I can choose to let it define me, confine me, refine me, outshine me, or I can choose to move on and leave it behind me. – Suzanne Summers, Cancer Survivor
One of the biggest questions in life is not about whether you should put the past behind you, but WHEN you should put your past behind you. We sometimes hold on to things too long and miss the opportunity to enjoy new things for fear of not showing support or thoughts for those events and people that have marked your life forever.
Today was just one of those sobering days. The fact that it is two days before the 11th anniversary of 9/11 as well as the 13th birthday of our son only made it slightly more complicated for my family. Most importantly for us, 9/9 marked the four year anniversary of my wife’s battle with cancer. Cancerversary is a name given to the day of your surgery to remove cancer from your body. While five years is the true date to really start to believe you are in remission, we have truly chosen to move on from cancer in our life. We dwelled on the battle for the last few years, but once my wife started being removed from a few drugs this year we felt like moving on and getting on with our lives would be the best.
Ironically, just a few weeks ago we ran into my wife’s oncologist at my cousin’s wedding (my cousin works for her). I realized that even she (the oncologist) tries to stay away from the personal side of cancer when she’s out of the clinic. It was the first time our children met her and I noticed how she just tried to keep her distance. I’m sure she’s seen so many happy stories go bad that the pain can get personal and interfere with her ability to stay even-keeled. Well I just don’t think we can ever run from cancer. It is all around us. Coincidentally for my wife, the Komen Race for the Cure run fell on this day. My wife and daughter ran. It is such a sisterhood. As each survivor runs across the finish line, you notice the applause is so heartwarming for people you don’t even know.
Seeing my wife after the race, her face was glowing. I think we realized that we can’t walk away from cancer.

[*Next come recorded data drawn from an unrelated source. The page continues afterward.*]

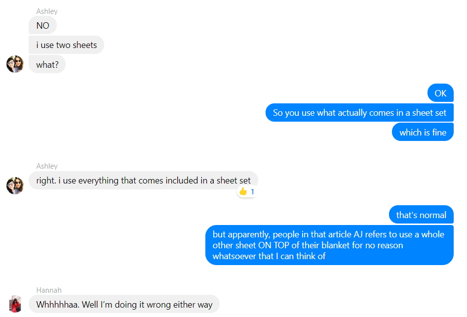 But it turns out, Hannah DOESN’T USE ANYTHING BUT THE FITTED SHEET. And this is what I now think the article was talking about, in which case I agree with Daisy that we’re all basically doomed.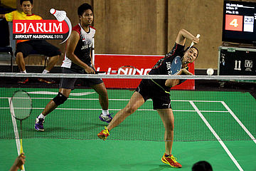 Jeka Wiratama/Vita Marisa (Djarum Kudus) berusaha menggapai pengembalian dari Aryanto Haryadi/Nathalia Poluakan (JE Enkei).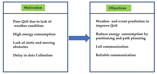 - To reduce the communication overhead in a multi-UAV environment by optimal path planning and positioning. The diagrammatical representation of motivation and objectives is presented in Figure 1 for a better understanding.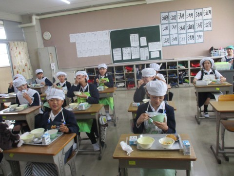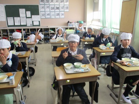 給食の時間の様子です。今日もおいしくいただいています。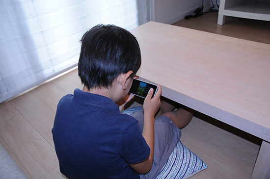小学2年生ともなると、親のスマートフォンを使って自分で音声アシスタント機能を駆使して、いろいろなコンテンツを検索する。記者のスマホの画面サイズは4インチと小さいので、顔をスマホの画面に近づけないとみづらく、YouTubeなどの動画を見ているときの息子の姿勢が気になっていた。同じように、ソファに寝そべりながら見ているのが気になっている家庭も多いのではないだろうか。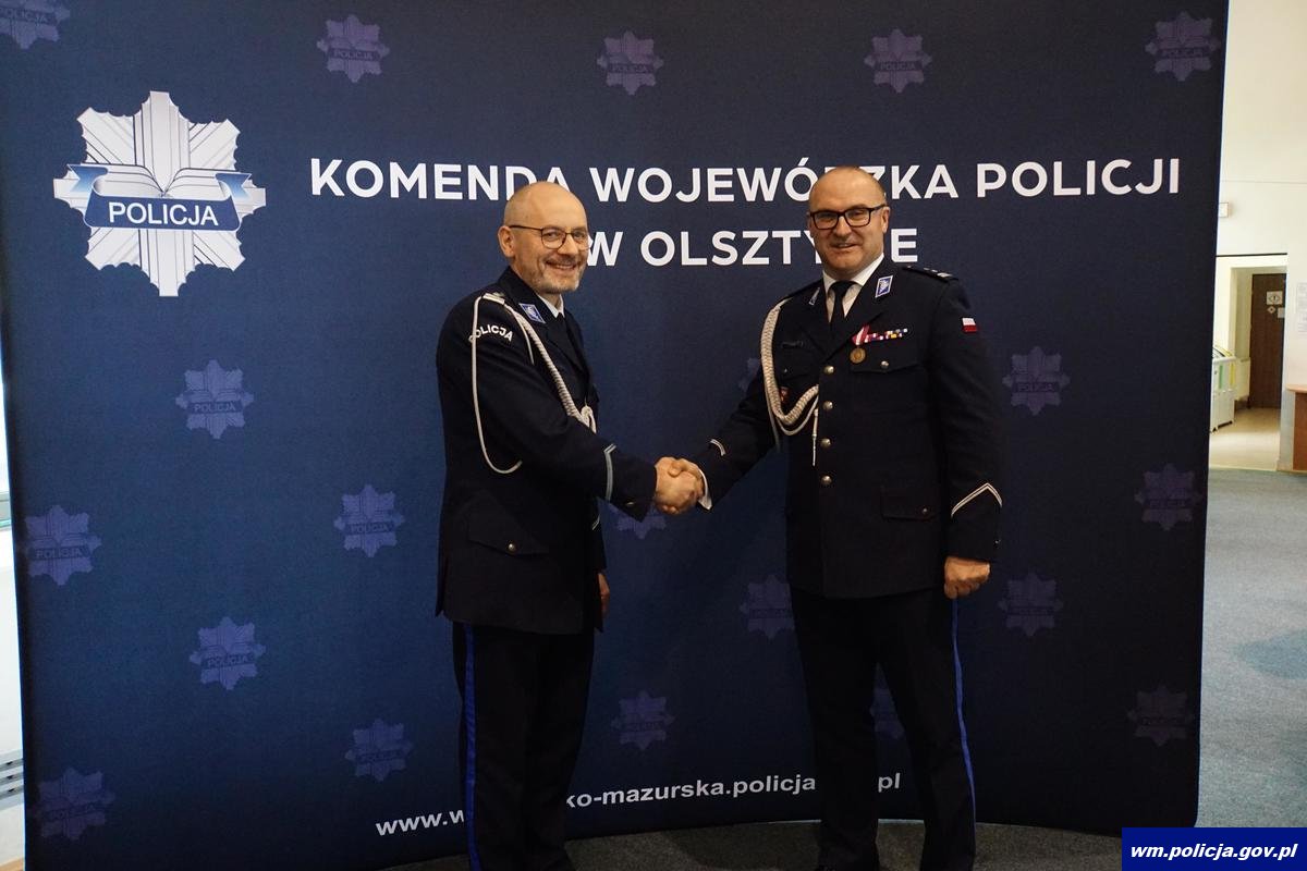 W poniedziałek (11.03.2024 r.) w sali Oddziału Prewencji Policji w Olsztynie miała miejsce uroczystość o podwójnym charakterze. Jej pierwsza część dotyczyła uroczystego wprowadzenia nowego Zastępcy Komendanta Wojewódzkiego Policji w Olsztynie nadzorującego pion logistyczny. Decyzją insp. Marka Boronia p.o. Komendant Główny Policji, został nim insp. Jarosław Brzozowski dotychczas związany z Komendą Powiatową Policji w Płońsku. Swojego nowego zastępcę przywitał mł. insp. Paweł Krauz p.o. Komendant Wojewódzki Policji w Olsztynie. Jak powiedział: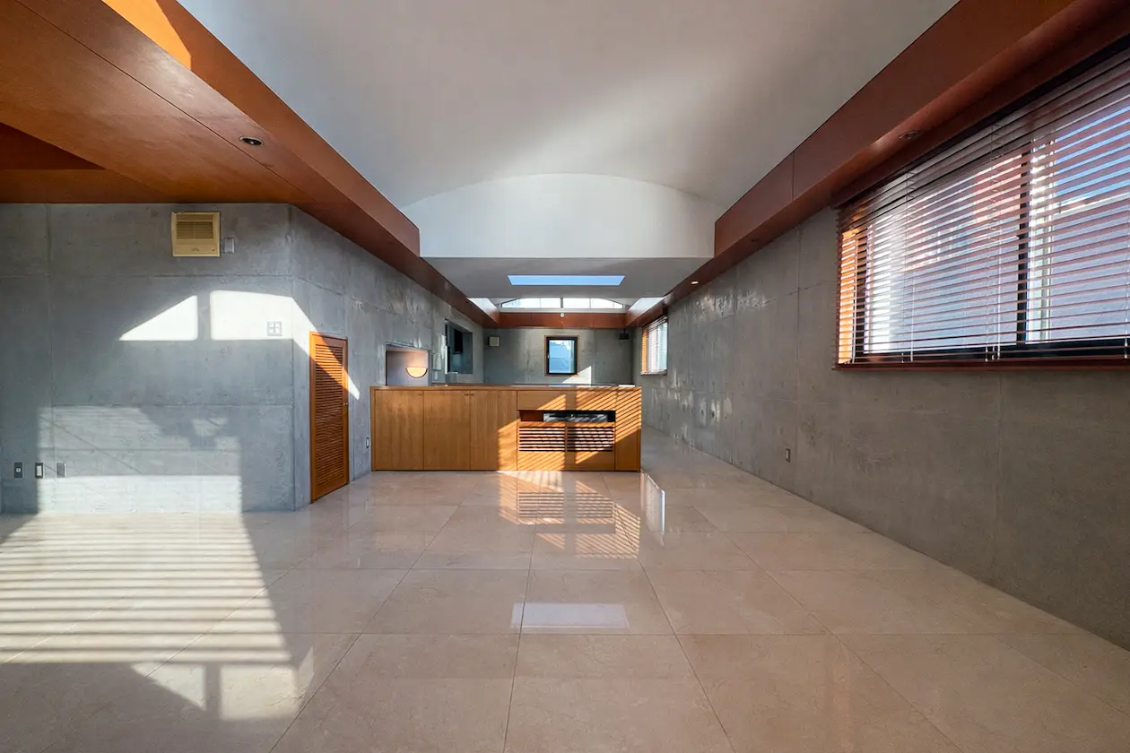 天井はアーチを描く開放的な構造。天窓もあり室内は明るい雰囲気を保てます。

We can move on, but it will always be a part of our lives. Unbeknownst to my wife, my daughter, son and I had a nice little chat about how special the day is and how lucky we are that their mother is still with us. We talked about not making it a big deal, but I could see how special that day was for my kids. Later on my daughter pulled me aside and said that she was glad to be running alongside her mom. I’m sure my wife was just as happy for the same reason.
For me, I played on the par 3 course I grew up on. I’ve played it 100s of times in my life and finally broke a milestone score!
My son and I also celebrated Orange weekend….watching the Giants stretch their lead over the rival Dodgers.
And finally we watched my daughter and her team launch their soccer season with a fierce 3-0 shutout.